Case ID: f-appx_515/html/0249-01.html
Source: Caselaw Access Project
Author: {"author": "PER CURIAM: \n    ", "license": "Public Domain", "url": "https://static.case.law/"}
Date Created: 2024-08-24T03:29:51.129683

Renee Summers AKERS, Plaintiff-Appellee v. HINDS COMMUNITY COLLEGE, Defendant-Appellant.
    No. 11-60116.
    United States Court of Appeals, Fifth Circuit.
    May 15, 2012.
    
      Robert Nicholas Norris, Louis Hanner Watson, Jr., Esq., Law Offices of Louis H. Watson, Jr., Jackson, MS, for Plaintiff-Appellee.
    Luther T. Munford, Gregory Todd Butler, Esq., Benjamin Joseph Piazza, Jr., Phelps Dunbar, L.L.P., Jackson, MS, for Defendant-Appellant.
    Before REAVLEY, ELROD, and HAYNES, Circuit Judges.
   PER CURIAM:

The judgment of the district court is reversed and the case is dismissed for the following reasons.

The plaintiff, Renee Akers, was a popular instructor, primarily of courses on economics, for 24 years until the Fall semester in 2006. She blames the college for ending her teaching that subject, and the jury has found in her favor. Ms. Akers’ damages and the several complaints about her treatment are the consequence of her belief that the termination of her teaching this subject was caused by the college in retaliation for her participation in a 2002 lawsuit.

This belief is unwarranted and contrary to the undisputed facts that the requirement of the accrediting Southern Association of Colleges and Schools was that a teacher of economics be required to have had 18 semester hours of graduate study in that subject. Akers had only six hours. That 18 hour requirement was stated in 2001 in the Association’s publication on principles of accreditation. As the accreditation process began for Hinds College the requirement became a serious problem. The vice-president told the faculty at its convocation in January of 2006 that the teachers who lacked the hours of credit would have to take courses to meet the required standard.
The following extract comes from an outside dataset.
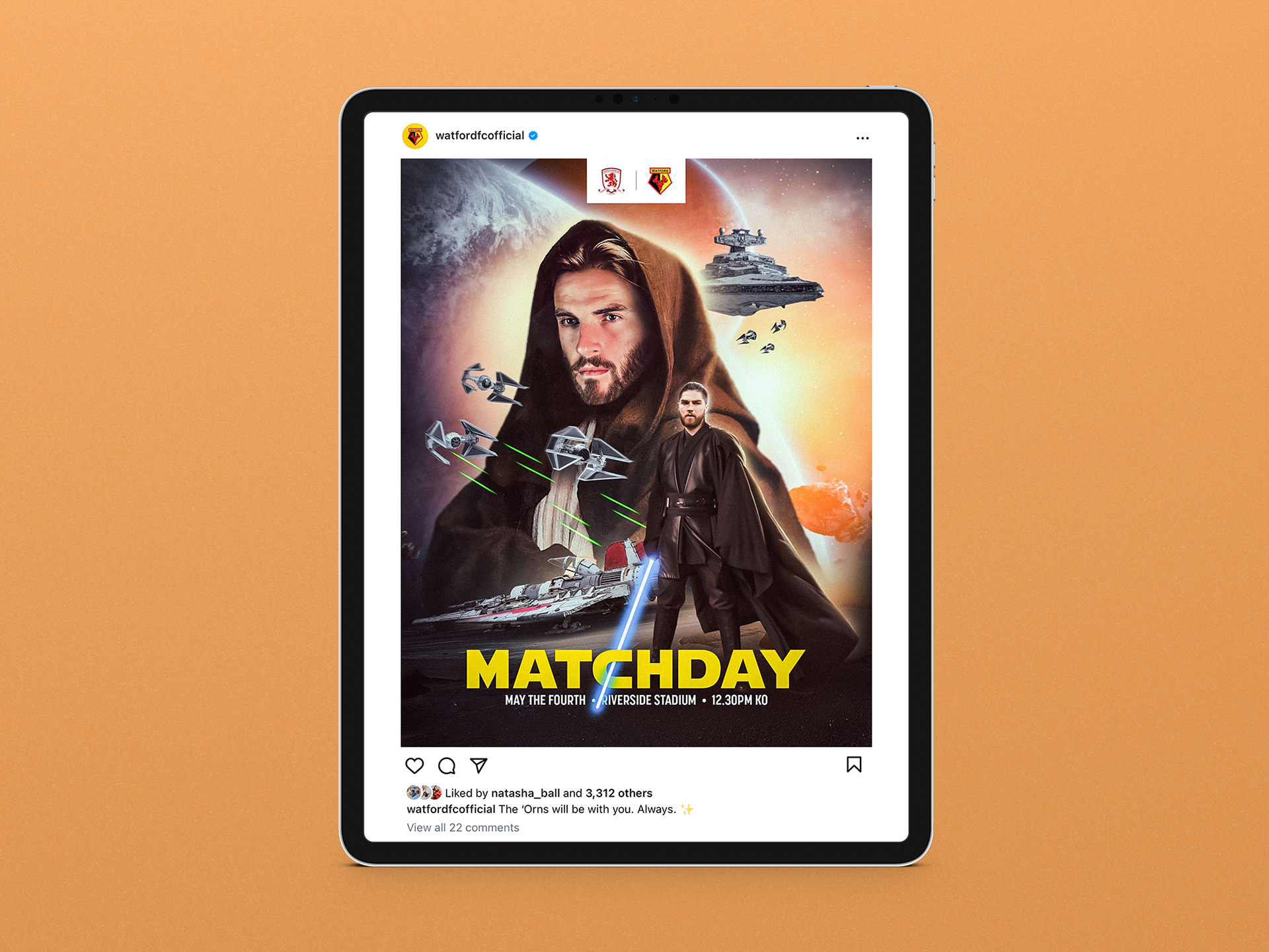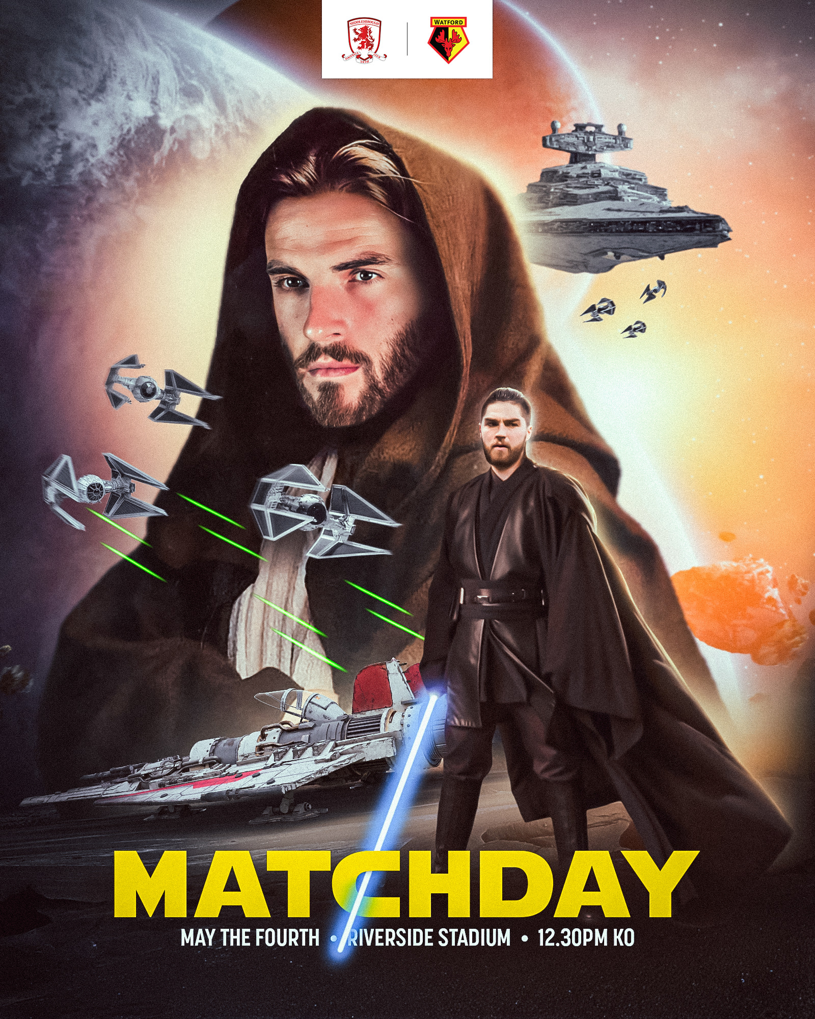 Star Wars themed matchday graphic for Middlesbrough v Watford on Star Wars Day.

They could do that at the college with tuition borne by the college while teaching their other courses. More than 20 instructors were listed as failing the required credit in the subjects being taught. In February of 2006 when the department chair spoke to Akers about this problem and her lack of qualification to teach economics under Association rules, she refused to accept it as her problem. With her long and successful experience teaching economics and the accreditation having been awarded in prior years, she denied the necessity to change and made no application to take the college’s invitation to take courses for more hours of credit. She blamed the department chair for being unethical and unfair for not allowing her to teach economics. The vice-president wrote in March of 2007 to remind the economics instructors of the availability of reimbursement for courses to increase their credits. Not until December of 2007 did Akers request that reimbursement to take 12 hours in the Spring. The college president denied permission because the load was too great. Akers filed this lawsuit in 2008.
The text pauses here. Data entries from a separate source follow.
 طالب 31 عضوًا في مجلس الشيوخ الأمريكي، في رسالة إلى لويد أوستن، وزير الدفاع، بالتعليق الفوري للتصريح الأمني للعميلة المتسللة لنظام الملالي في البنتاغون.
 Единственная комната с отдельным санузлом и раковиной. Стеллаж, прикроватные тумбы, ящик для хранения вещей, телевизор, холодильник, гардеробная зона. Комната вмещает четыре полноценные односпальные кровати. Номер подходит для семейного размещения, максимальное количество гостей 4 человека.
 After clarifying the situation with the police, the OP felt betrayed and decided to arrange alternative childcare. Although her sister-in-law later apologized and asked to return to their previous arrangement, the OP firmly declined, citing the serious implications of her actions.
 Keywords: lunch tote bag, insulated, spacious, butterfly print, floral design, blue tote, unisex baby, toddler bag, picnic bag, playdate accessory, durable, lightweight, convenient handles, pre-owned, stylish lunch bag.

This record leaves no question about the responsibility for Akers having to stop teaching economics. It was not the doing of the college because their word always was that she was qualified to do that. The Association insisted on the hours of graduate study. The college had to accede, and Akers was not treated differently from all of the other instructors with this problem.

Akers also claims that her denial to be chair of the Business Administration Department was motivated by retaliation for her being named as a witness in the lawsuit that a co-instructor filed against the college in 2002. Three people filed for this position and William Ashley was selected. Ashley was working on a Ph.D. degree in community college leadership, had taught in several colleges and also had managerial experience as an athletic coach. Akers shows only her longer teaching hours and the personal belief of her superiority. No juror could reasonably regard her as clearly better qualified for the position with added administrative responsibility. The retaliation claim is denied. See Moss v. BMC Software, 610 F.Bd 917, 923-26 (5th Cir.2010).

Ashley’s promotion was approved in May of 2006 by the vice-president and president of the college. The nomination was made by Dean Kelly, and Kelly was a potential witness in the 2002 discrimination suit. That suit was settled and never tried. Kelly testified that he had no knowledge that Akers was to be an adverse witness until he was told by the lawyer in the current case. Although the jury did not have to believe Kelly, there is no other evidence regarding Kelly’s knowledge or enmity by Kelly or any other against Akers as a result of the 2002 lawsuit.

It follows that Akers could not prove a causal connection between her listing as a protected prospective witness in the earlier lawsuit and any adverse employment action by the college. The district court should have granted defendant’s motion for judgment as a matter of law at the close of the evidence since there was no legally sufficient evidentiary basis for a reasonable jury to find for Ms. Akers. Fed.R.Civ.P. 50(a); Bryant v. Compass Group, 413 F.3d 471 (5th Cir.2005).

REVERSED and CASE DISMISSED. 
      
       Pursuant to 5th Cir R. 47.5, the court has determined that this opinion should not be published and is not precedent except under the limited circumstances set forth in 5th Cir. R. 47.5.4.